An den Haftungsbestimmungen für den kommerziellen Anbau will das BMELV dagegen offenbar weitgehend festhalten. So soll die von Landwirtschafts- und Biotechnologie-Verbänden kritisierte gesamtschuldnerische, verschuldensunabhängige Haftung für wirtschaftliche Einbußen bestehen bleiben. Allerdings soll klargestellt werden, dass nur GVO-Einträge über dem Kennzeichnungsschwellenwert von 0,9 Prozent ausgleichspflichtig sind. Für Haftungsfälle, bei denen dem betroffenen GVO-Anbauer kein Verschulden nachgewiesen werden kann, hofft Minister Seehofer auf eine freiwillige Selbstverpflichtungserklärung der Saatgutindustrie.

Öffentliches Standortregister mit weniger Details

Änderungen soll es auch beim Standortregister geben. Nach geltendem Gentechnikgesetz sind im öffentlich zugänglichen Teil des Registers alle Anbauflächen mit gv-Pflanzen flurstückgenau einsehbar. Künftig soll nur noch die Gemarkung verzeichnet werden. Landwirte, die gv-Pflanzen anbauen, sollen aber ihre Nachbarn darüber informieren.

Abstandsregeln weiterhin offen

Als Kernelement einer Guten fachlichen Praxis für den Anbau von gv-Mais soll ein Mindestabstand zwischen transgenen und konventionellen Maiskulturen festgelegt werden. Auf die Höhe dieses Abstandes konnten sich Seehofer und Schavan allerdings noch nicht einigen. Während Seehofer einen 150 Meter Mindestabstand einführen will, hält das Forschungsressort 50 Meter für ausreichend. In diesem Punkt waren auch die Expertenmeinungen bei einer Anhörung im Landwirtschaftsausschuss Ende Oktober weit auseinander gegangen. Wenn auf benachbarten Flächen Mais als nachwachsender Rohstoff beispielsweise für Biogasanlagen angebaut wird, könnte auf den Abstand verzichtet werden.
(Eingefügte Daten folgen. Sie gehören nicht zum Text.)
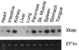 FIG. 7. RT-PCR analysis of Xbap expression in adult tissues. Total RNA was collected from the indicated adult organs and as- sayed for Xbap transcripts using gene specific primers as described under Materials and Methods. RT-PCR amplification of the ubiq- uitous EF-la sequence (visualized by ethidium bromide staining) was used as a control for RNA levels.

Koalitionspartner verstimmt

Prompter Widerspruch gegen einige Inhalte des Eckpunktepapiers kam vom Koalitionspartner SPD. So erklärte SPD-Fraktionsvize Ulrich Kelber laut Presseberichten: „In dieser Form können wir die Eckpunkte nicht akzeptieren“. Kelber kritisiert unter anderem den Seehofer-Vorschlag, nur noch die unmittelbaren Nachbarn von Forschungsfeldern zu entschädigen. Ablehnend reagiert er auch darauf, dass die Haftungsbestimmungen erst ab dem Kennzeichnungsschwellenwert von 0,9 Prozent gelten soll. Landwirten könnten auch bei geringeren Verunreinigungen durch gentechnisch veränderte Organismen Einbußen entstehen.

Kritik kam auch von der Opposition. Die Gentechnik-Expertin der FDP-Fraktion Christel Happach-Kasan monierte, Seehofer und die SPD verweigerten die im Koalitionsvertrag vereinbarte umfassende Novelle des Gentechnikgesetzes mit Erleichterungen für Forschung und Anbau und verhinderten dadurch die Schaffung innovativer Arbeitsplätze. Die Grünen dagegen halten vor allem den diskutierten Mindestabstand von 150 Metern für nicht ausreichend.

Angesichts der koalitionsinternen Unstimmigkeiten erscheint die schnelle Verabschiedung der Neuregelungen, noch vor der Aussaat 2007, höchst unwahrscheinlich.